Each matrix multiplication is roughly 64 basic operations so that is 3.2billion basic operations that can be easily avoided.

But if the majority of the multiplications are handled on the CPU then you can easily remove 40 or 50 million 4x4 matrix multiplications or billions of basic operations.

And that is one of the major reasons (perhaps the major reason) for doing as much work as possible on the CPU.


It is easy to say "don't do that" and give the standard argument but I wanted to elaborate a little bit on the pro's and con's of doing computations on the GPU.

Also your question is more along of the lines of CPU vs GPU so I've included a few good reasons to use the GPU that don't include the vertex shader.

Pros:

  1. It reduces bandwidth usage between the GPU and CPU. If there is a lot of shatter between the GPU and CPU like transferring texture data. Then opportunities to reduce bandwidth should include considering recomputing matrices on the GPU perhaps in the vertex shader, perhaps in a compute shader.
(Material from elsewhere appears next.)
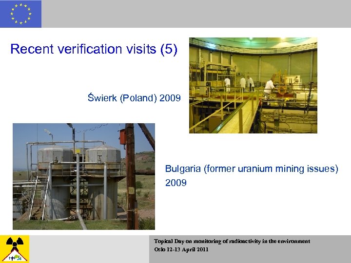 Recent verification visits (5) Świerk (Poland) 2009 Bulgaria (former uranium mining issues) 2009 Topical Day on monitoring of radioactivity in the environment Oslo 12 -13 April 2011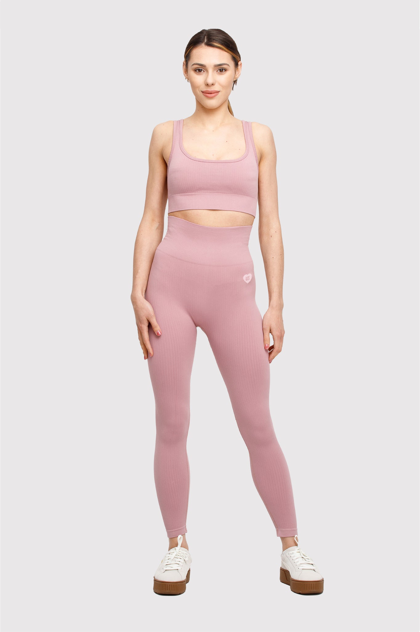 Biustonosz bezszwowy prążkowany brudny róż Sunset

  2. Don't use the Vertex shader but rather a dedicated compute shader that runs once, which does the computations. There is a window at the end of each frame where the GPU is still computing output and is "ramping" down. It is hard to squeeze graphics work in but compute shaders can sneak in and perform a considerable amount of work.

  3. Debugging and development reasons, once that's done, go back to using the CPU.

  4. Education, or you just feel like it! Don't let us push you around, the way break throughs are made is by stubborn developers that have an aha moment.

Cons:

  1. What a waste of computational power! Especially when the numbers start to grow very large. Enough said.

  2. I see older GPU's, they're everywhere! Having an app that can run on as many GPU's as possible broadens it's user base.

  3. GPU's tend to be power hungry. Squeezing more work onto the GPU will just make that worse. This is particularly important for battery operated devices.

  4. Debugging and development. (it's on both lists!) Debugging on the GPU is not nearly as easy to do as it is on the CPU. If you lack confidence in the matrices themselves, debugging on the CPU will be much easier.